Recent Ability of Image Recognition-MS State-of-the-art Research Results Using Computer Vision API with Python

Recently, I was able to understand how to use the Computer Vision API by touching it, and I was surprised at the higher performance than expected, so I decided to summarize it. After introducing what the Computer Vision API is, why it's amazing, and how powerful it can be when you actually use it, I'd like to show you the code. Through this article, I learned that you can easily use such a powerful image recognition function by writing a few lines of code, and I hope you will give it a try.

What is the Computer Vision API in the first place?

Microsoft's API service that throws an image in REST and returns the result of analyzing the image in JSON format. It not only recognizes the object in the image and outputs the tag, but also outputs the state and situation of the object on the image as a tag with verbs and adjectives. （ex. water, sport, swimming, man） Furthermore, based on them, it will add a plausible caption to the image in one sentence. （ex. a man swimming in a pool of water）

sample image (See Official Page)

Behind the scenes, a state-of-the-art image recognition engine that incorporates the latest research results of Microsoft Research is running, which is open to the general public.

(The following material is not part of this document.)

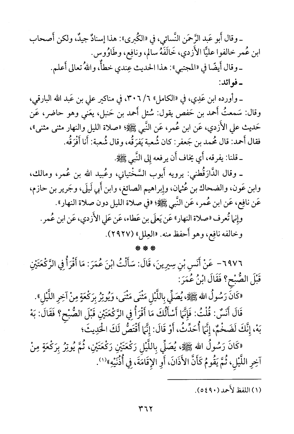- وقال الدارقُطني: يرويه أيوب السَّخْتِياني، وعُبيد الله بن عمر، ومالك، وابن عون، والضحاك بن عثمان، وإبراهيم الصائغ، وابن أبي ليلى، وجرير بن حازم، عن نافع، عن ابن عمر، عن النبي صَلى الله عَليه وسَلم؛ «في صلاة الليل دون صلاة النهار».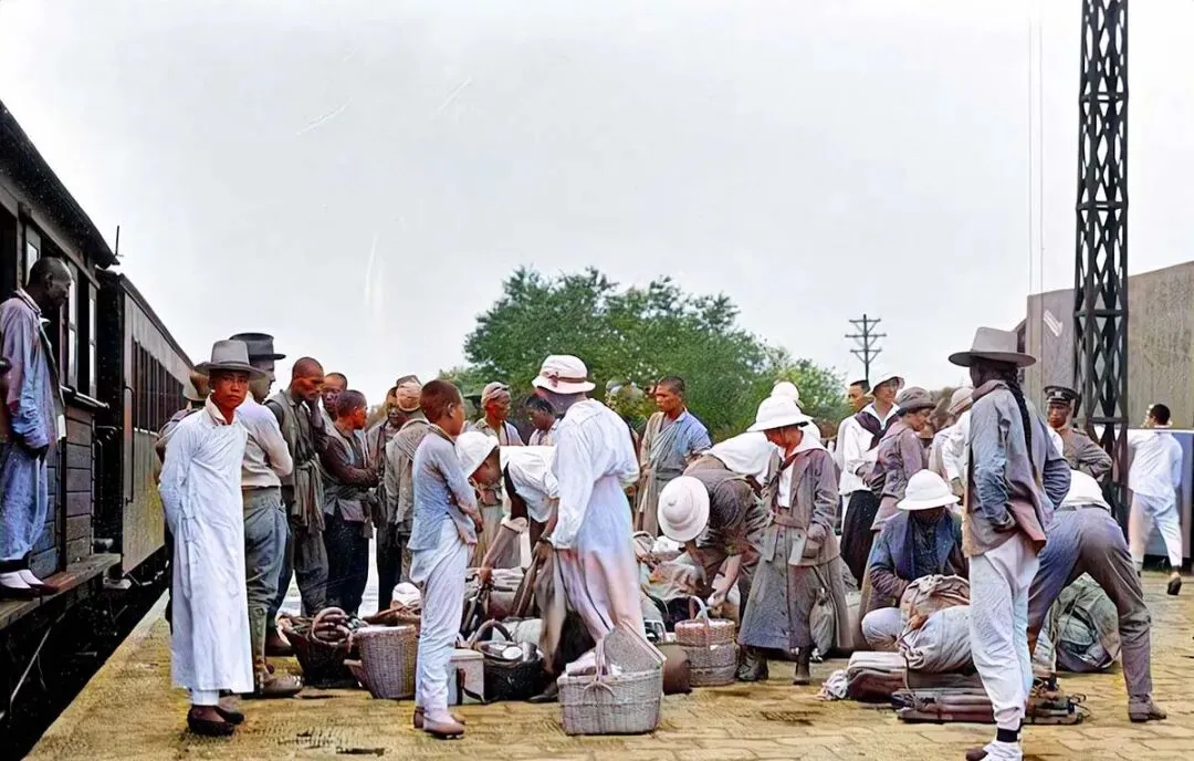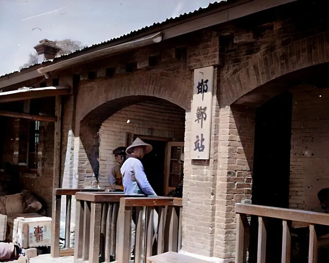 这面墙上挂着邯郸站三字,砖券拱成回廊,木栏杆擦得发亮,工作人员戴着尖顶草帽,站台不大,却把四面八方的人都聚了过来。

Ability of Microsoft Research playing an active part in the back of Computer Vision API

Even though it's cutting-edge, I'm wondering how strong Microsoft Research is in this area in the first place. In the field of image recognition, there is a project called ImageNet that publishes a huge amount of images and accompanying annotations as an open dataset. There is a competition called Large Scale Visual Recognition Challenge sponsored by that, which competes for image recognition accuracy of a large amount of image data. At the latest competition (ILSVRC 2015), MSRA (Microsoft Research Asia) is ranked first in many tasks while research departments such as Google and research teams from top overseas universities are all competing.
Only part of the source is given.